### [LISTED RECORDS]
---

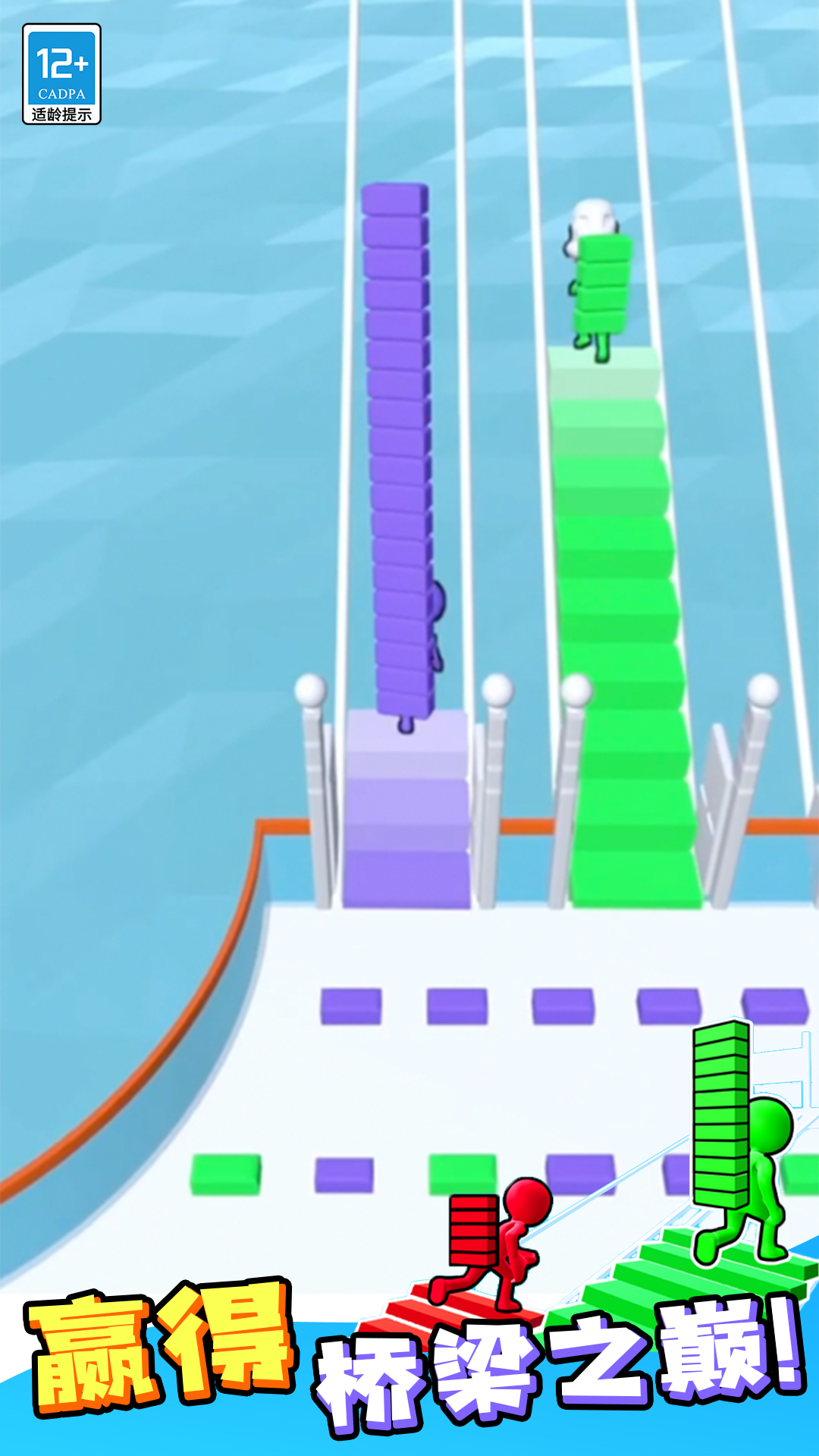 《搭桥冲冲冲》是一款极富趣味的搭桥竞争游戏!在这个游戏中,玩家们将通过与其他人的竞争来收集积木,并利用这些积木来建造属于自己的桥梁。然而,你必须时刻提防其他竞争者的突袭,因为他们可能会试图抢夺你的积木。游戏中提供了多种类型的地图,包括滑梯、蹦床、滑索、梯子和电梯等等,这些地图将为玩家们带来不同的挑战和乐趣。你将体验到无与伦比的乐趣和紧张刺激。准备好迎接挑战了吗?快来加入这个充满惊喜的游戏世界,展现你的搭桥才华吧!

---

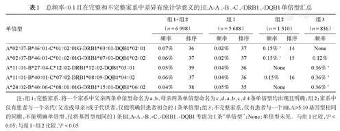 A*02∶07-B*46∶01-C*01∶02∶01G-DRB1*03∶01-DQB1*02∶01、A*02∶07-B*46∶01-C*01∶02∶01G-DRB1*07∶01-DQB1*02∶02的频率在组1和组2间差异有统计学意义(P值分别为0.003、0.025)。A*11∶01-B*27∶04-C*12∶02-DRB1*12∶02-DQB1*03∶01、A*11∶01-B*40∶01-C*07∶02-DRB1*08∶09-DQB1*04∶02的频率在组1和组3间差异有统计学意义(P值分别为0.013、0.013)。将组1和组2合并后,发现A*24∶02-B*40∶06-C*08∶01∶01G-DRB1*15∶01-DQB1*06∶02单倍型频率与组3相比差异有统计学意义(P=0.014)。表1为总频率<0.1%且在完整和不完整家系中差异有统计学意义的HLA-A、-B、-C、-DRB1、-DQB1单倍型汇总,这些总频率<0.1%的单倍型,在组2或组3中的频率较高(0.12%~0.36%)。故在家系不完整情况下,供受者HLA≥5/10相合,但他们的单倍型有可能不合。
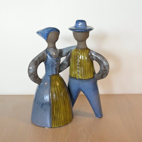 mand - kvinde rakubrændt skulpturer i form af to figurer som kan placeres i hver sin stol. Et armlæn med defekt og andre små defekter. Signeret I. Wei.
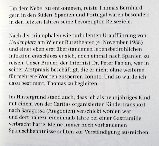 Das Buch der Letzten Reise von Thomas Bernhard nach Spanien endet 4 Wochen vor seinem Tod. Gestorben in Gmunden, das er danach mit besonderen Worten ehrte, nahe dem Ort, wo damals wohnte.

---

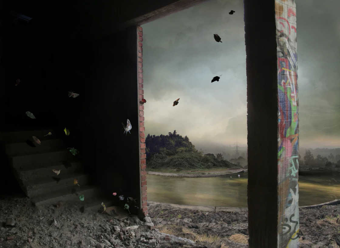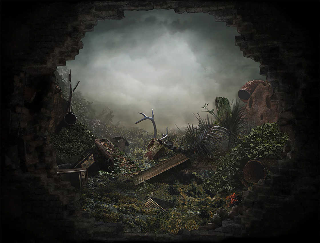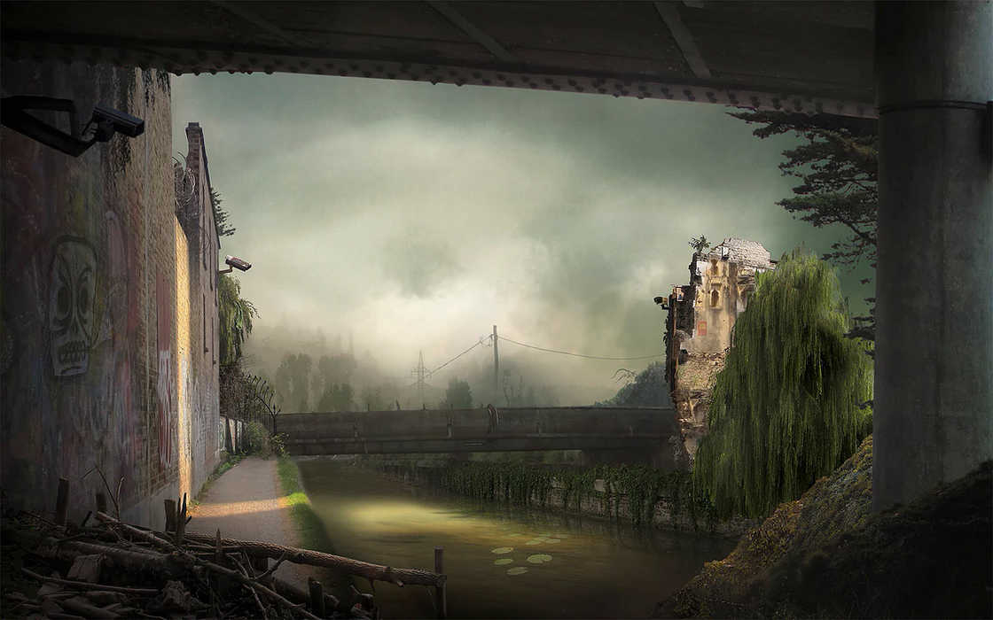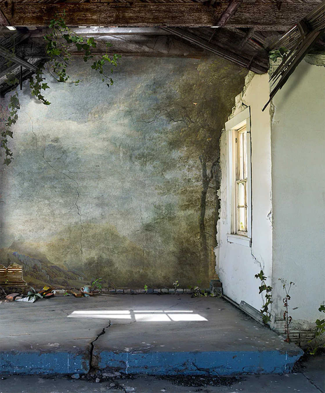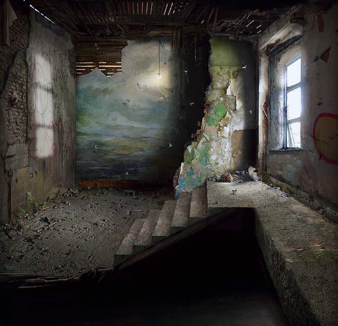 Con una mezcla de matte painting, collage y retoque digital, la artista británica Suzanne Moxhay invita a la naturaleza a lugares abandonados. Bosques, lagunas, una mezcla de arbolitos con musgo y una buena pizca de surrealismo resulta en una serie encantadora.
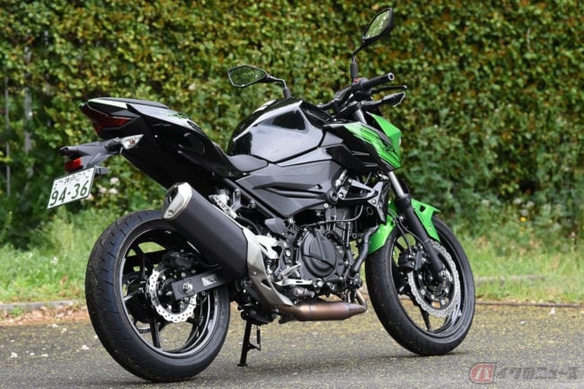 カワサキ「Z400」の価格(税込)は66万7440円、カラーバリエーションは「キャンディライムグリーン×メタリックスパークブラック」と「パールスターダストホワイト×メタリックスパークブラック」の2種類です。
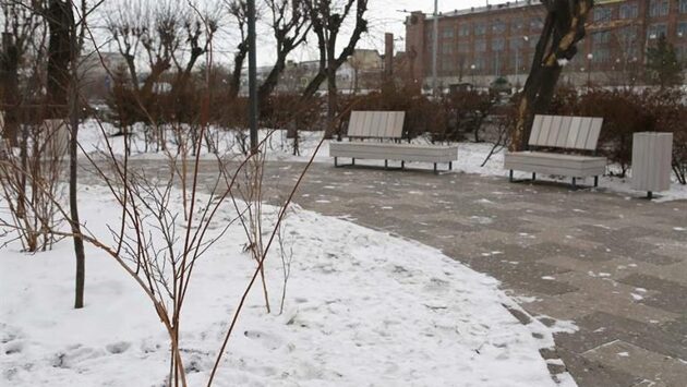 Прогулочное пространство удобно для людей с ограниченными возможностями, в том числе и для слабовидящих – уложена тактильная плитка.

---

### [WHAT THIS TASK INVOLVES]
The answer must be the part of the records that opens with the line containing "Con una mezcla" and closes with the line containing "Прогулочное пространство удобно", reproduced exactly, with no pictures.

### [RESPONSE BOX]
 Con una mezcla de matte painting, collage y retoque digital, la artista británica Suzanne Moxhay invita a la naturaleza a lugares abandonados. Bosques, lagunas, una mezcla de arbolitos con musgo y una buena pizca de surrealismo resulta en una serie encantadora.
 カワサキ「Z400」の価格(税込)は66万7440円、カラーバリエーションは「キャンディライムグリーン×メタリックスパークブラック」と「パールスターダストホワイト×メタリックスパークブラック」の2種類です。
 Прогулочное пространство удобно для людей с ограниченными возможностями, в том числе и для слабовидящих – уложена тактильная плитка.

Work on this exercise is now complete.